Task details:
Below are lines of records; copy exactly those from the one containing "Hanerdun Women/ Girls" through the one containing "Półbuty Morel na", leaving the pictures behind.

Input for this task:
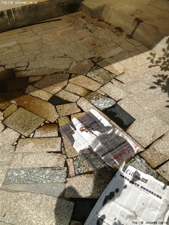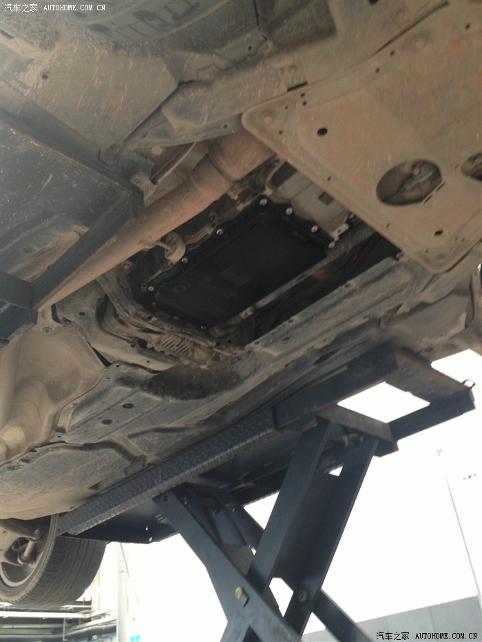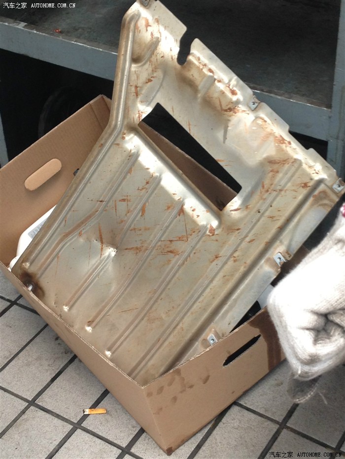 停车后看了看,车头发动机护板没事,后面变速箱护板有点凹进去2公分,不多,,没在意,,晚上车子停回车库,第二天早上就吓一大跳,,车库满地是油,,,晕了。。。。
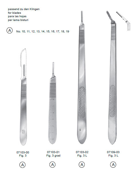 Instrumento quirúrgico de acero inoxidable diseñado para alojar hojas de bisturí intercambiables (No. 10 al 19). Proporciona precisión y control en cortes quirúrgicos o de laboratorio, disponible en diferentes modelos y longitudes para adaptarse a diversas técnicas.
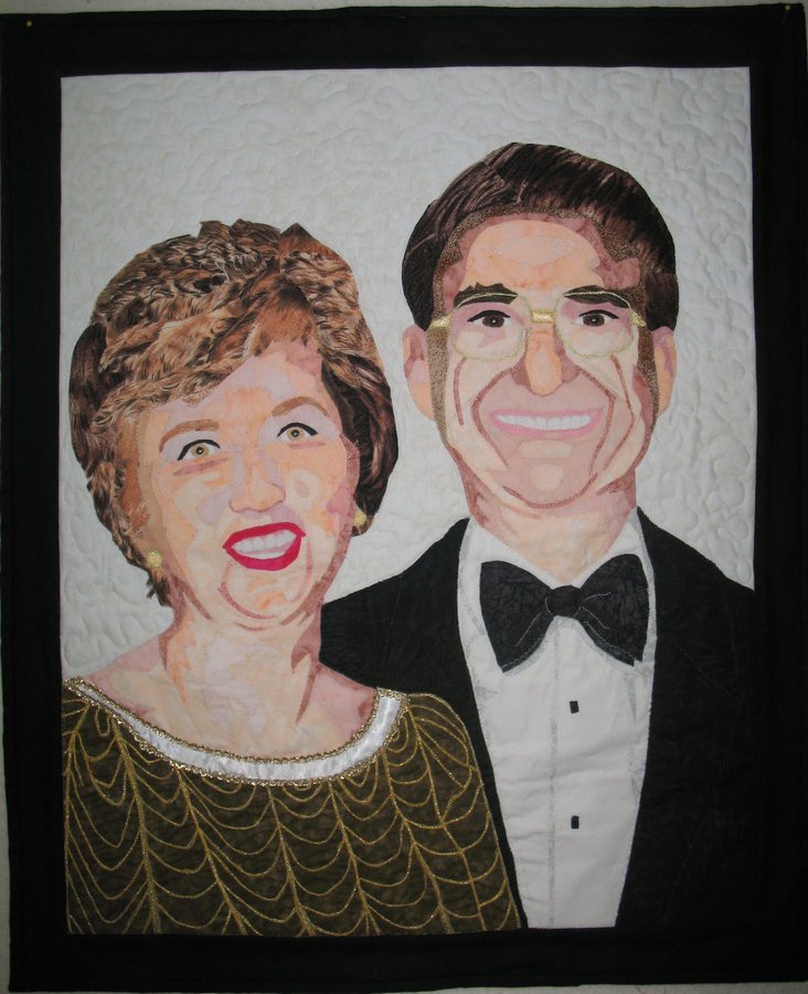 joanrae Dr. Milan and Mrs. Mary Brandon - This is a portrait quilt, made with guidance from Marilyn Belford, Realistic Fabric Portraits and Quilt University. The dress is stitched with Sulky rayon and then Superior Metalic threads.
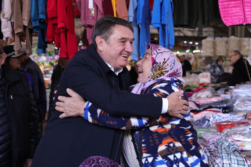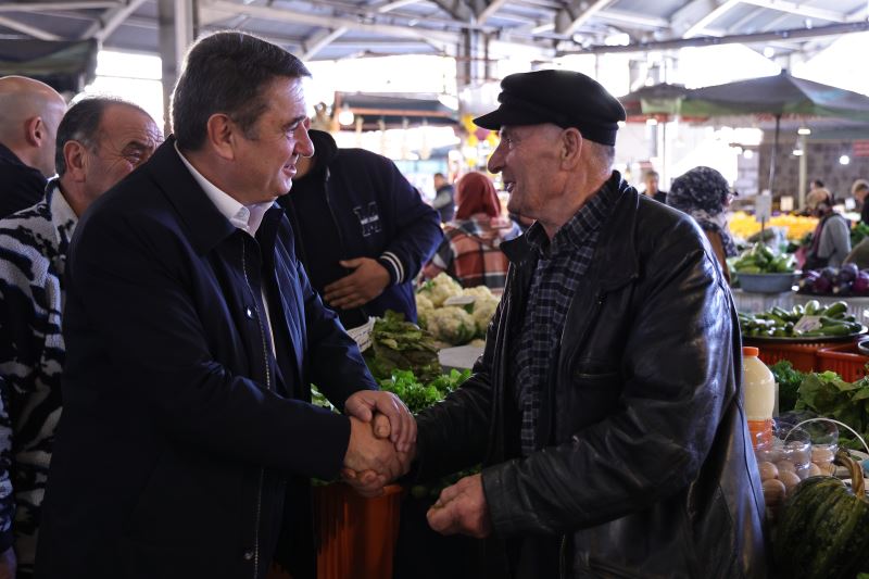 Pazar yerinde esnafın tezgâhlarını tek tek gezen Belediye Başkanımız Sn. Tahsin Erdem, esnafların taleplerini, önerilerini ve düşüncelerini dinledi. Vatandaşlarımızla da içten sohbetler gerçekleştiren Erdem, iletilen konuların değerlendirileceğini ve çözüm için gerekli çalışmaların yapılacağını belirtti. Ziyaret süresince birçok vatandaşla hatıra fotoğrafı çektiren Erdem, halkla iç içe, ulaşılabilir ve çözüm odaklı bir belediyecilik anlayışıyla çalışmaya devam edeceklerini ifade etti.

---

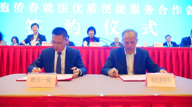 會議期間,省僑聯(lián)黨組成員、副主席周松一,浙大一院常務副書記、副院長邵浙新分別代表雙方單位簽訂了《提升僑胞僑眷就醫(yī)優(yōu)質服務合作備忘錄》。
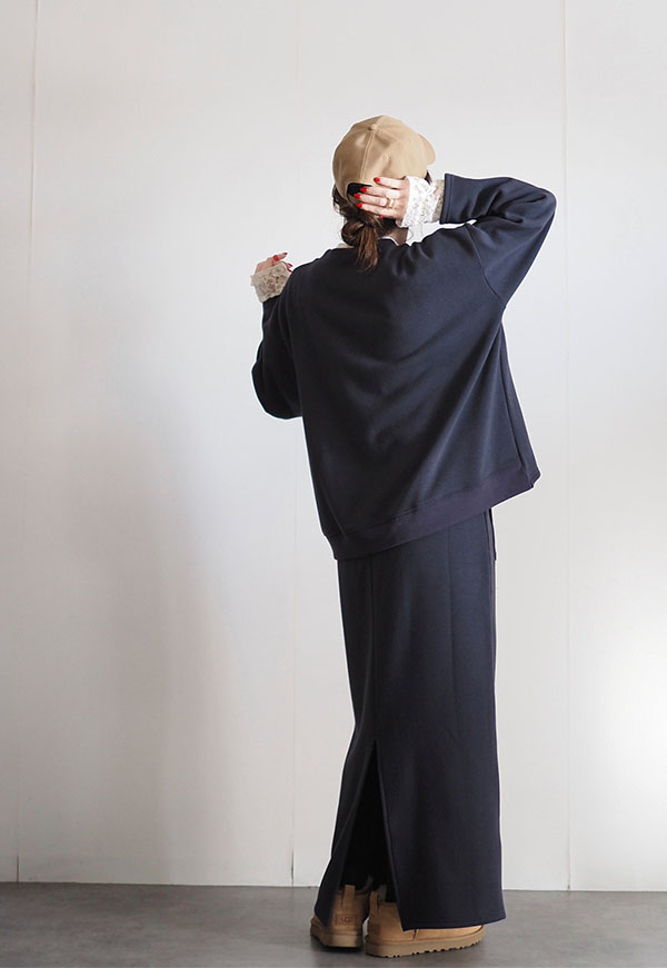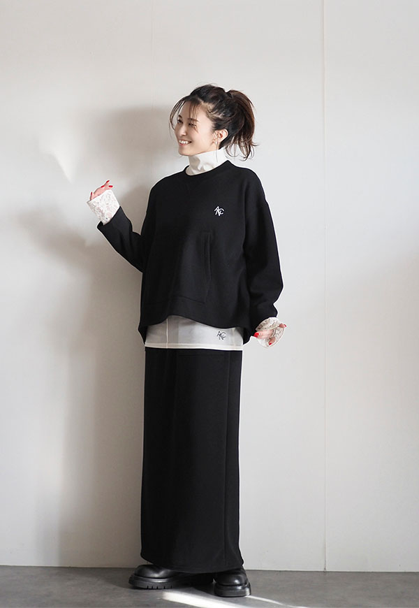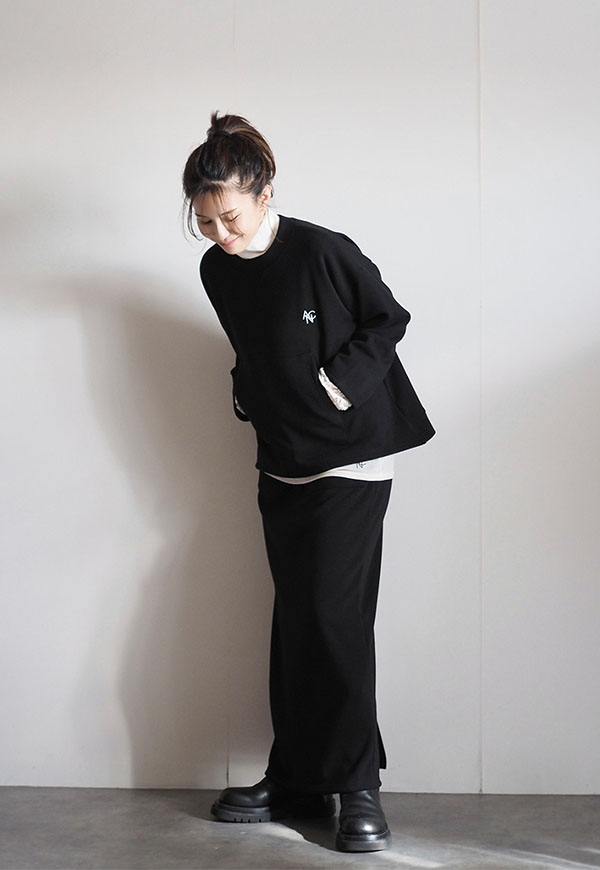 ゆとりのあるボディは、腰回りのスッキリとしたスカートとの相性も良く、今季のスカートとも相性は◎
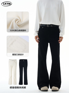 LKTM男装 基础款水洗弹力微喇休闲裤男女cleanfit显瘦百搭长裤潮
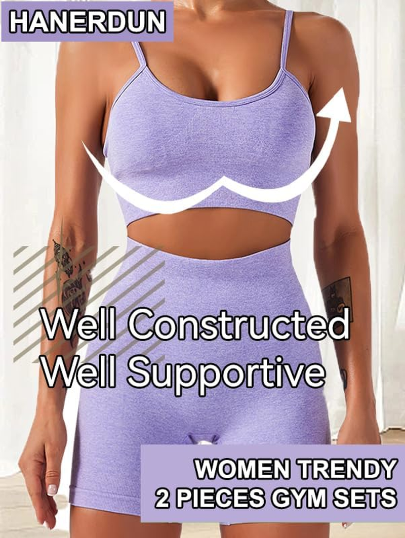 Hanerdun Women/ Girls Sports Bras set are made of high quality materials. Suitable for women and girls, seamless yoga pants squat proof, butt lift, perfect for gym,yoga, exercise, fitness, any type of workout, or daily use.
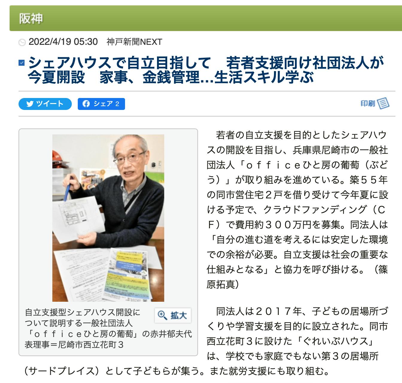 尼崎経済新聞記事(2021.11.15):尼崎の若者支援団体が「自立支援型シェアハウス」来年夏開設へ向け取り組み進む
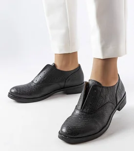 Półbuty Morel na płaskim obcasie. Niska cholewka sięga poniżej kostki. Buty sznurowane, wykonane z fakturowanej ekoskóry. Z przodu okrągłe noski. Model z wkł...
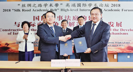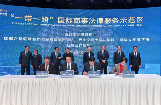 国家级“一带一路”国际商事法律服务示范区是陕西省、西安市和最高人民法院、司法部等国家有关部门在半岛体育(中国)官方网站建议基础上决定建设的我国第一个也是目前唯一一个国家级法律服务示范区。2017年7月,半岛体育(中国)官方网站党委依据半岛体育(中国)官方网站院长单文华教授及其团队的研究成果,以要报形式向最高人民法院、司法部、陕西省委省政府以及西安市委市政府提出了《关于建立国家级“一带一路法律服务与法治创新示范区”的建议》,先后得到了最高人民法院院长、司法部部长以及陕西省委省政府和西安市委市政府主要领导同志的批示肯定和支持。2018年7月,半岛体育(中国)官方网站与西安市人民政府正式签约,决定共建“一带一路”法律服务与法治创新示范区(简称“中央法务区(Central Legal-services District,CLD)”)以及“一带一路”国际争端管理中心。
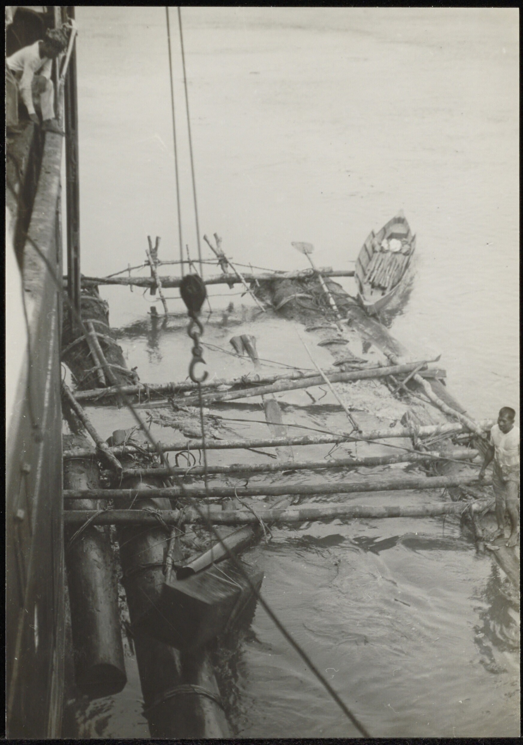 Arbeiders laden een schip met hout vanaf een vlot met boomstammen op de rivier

Written answer:
 Hanerdun Women/ Girls Sports Bras set are made of high quality materials. Suitable for women and girls, seamless yoga pants squat proof, butt lift, perfect for gym,yoga, exercise, fitness, any type of workout, or daily use.
 尼崎経済新聞記事(2021.11.15):尼崎の若者支援団体が「自立支援型シェアハウス」来年夏開設へ向け取り組み進む
 Półbuty Morel na płaskim obcasie. Niska cholewka sięga poniżej kostki. Buty sznurowane, wykonane z fakturowanej ekoskóry. Z przodu okrągłe noski. Model z wkł...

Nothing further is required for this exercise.